At dusty Musheri Center, a women’s cooperative that owns a cellphone and sells calls to villagers plans to acquire a Weza, using a micro-credit loan provided through CARE, and charge community members a small fee to recharge their cellphones and car batteries.

“Many, many people are enthusiastic about this,” said Innocent Rutikanga, a Rwandan CARE official who works on economic security programs for the charity. More than 1,200 small cooperatives in Rwanda are interested in the machine, he said, and when the first commercial lot of the devices is shipped to Africa, starting in September, “we will request many Weza.”

The portable device, which sells in the United States for about $270, is the result of brainstorming on ways to create larger amounts of power than the hand-crank flashlights, radios and mobile phone chargers the Freeplay company sells.

“When you hand-crank something you’re restricted to the energy capability of your fingers and hands.

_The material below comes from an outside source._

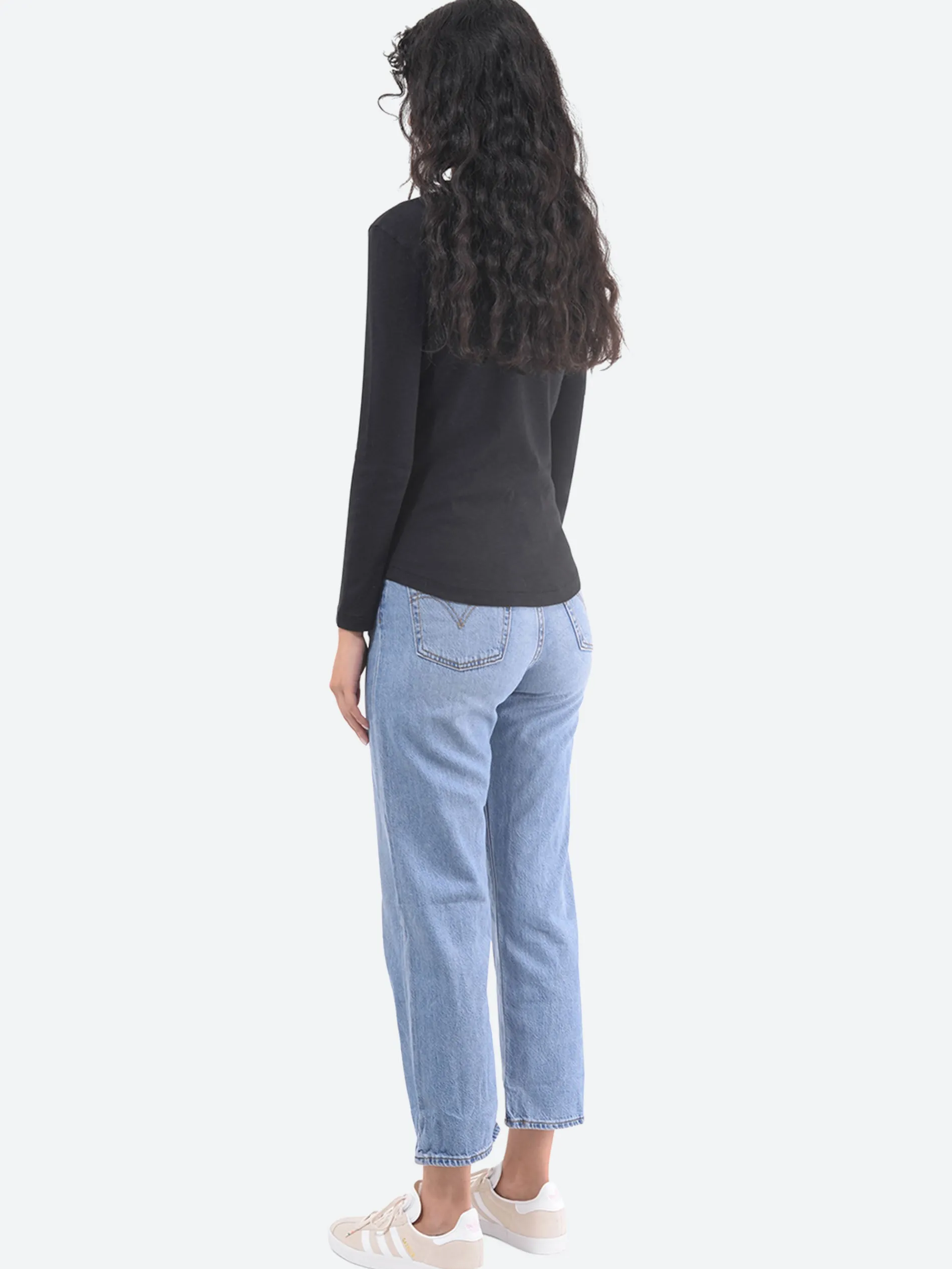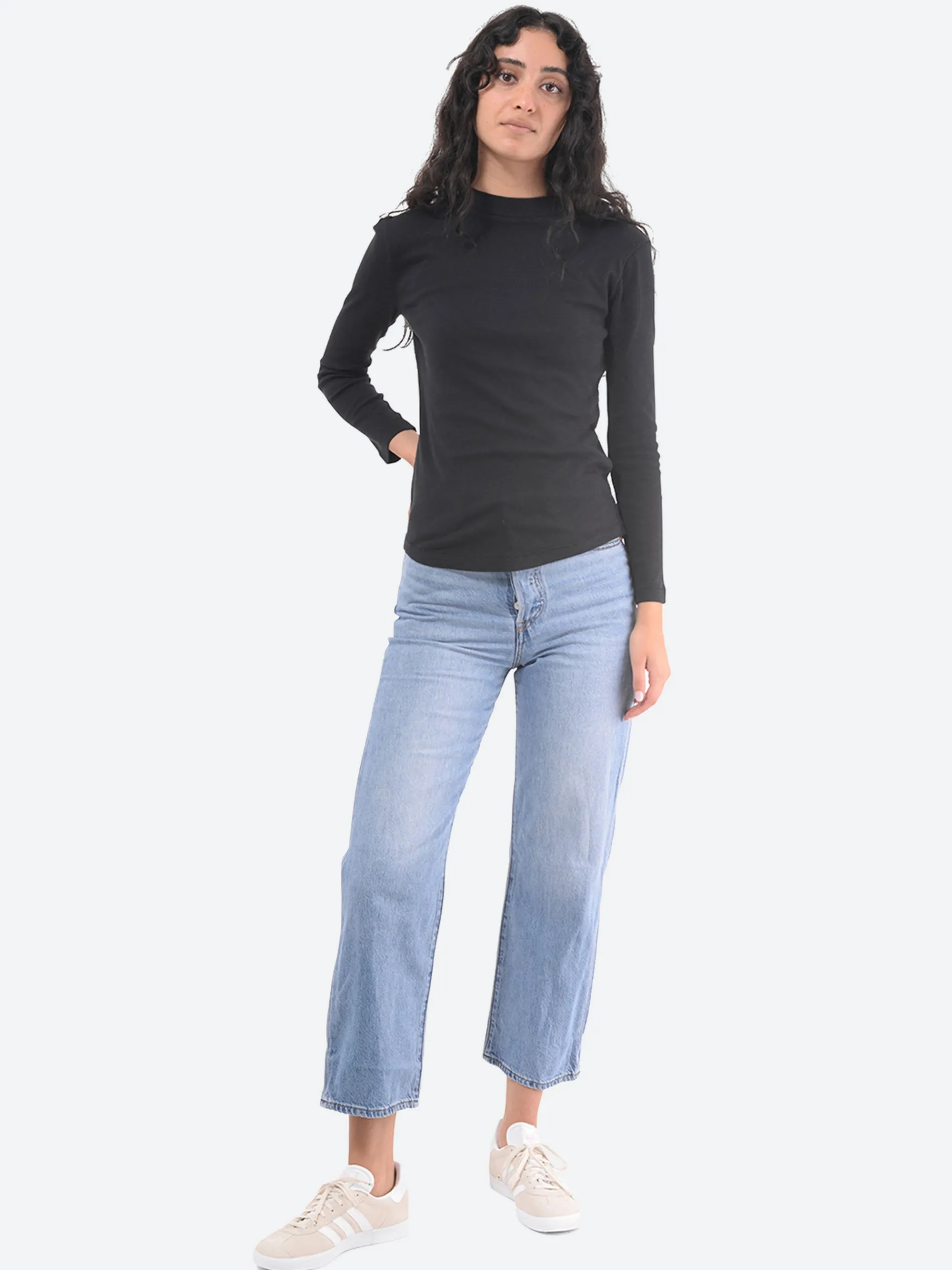 Fitted slub cotton long sleeve with a curved hem and semi-high neck.

The larger muscles of your legs are obviously the way to extract more energy,” Hutchinson said. After experimenting with bicycle-powered generators and a kind of seesaw, engineers at the company eventually settled on a simple foot-pedal machine with an internal, rechargeable battery, designed for rough use in remote areas.

“In the First World, there’s an aversion to using human energy. People say, ‘I have to wind this thing for five minutes?’ But in Africa, people say, ‘I’ve got free power!’ ” Hutchinson said.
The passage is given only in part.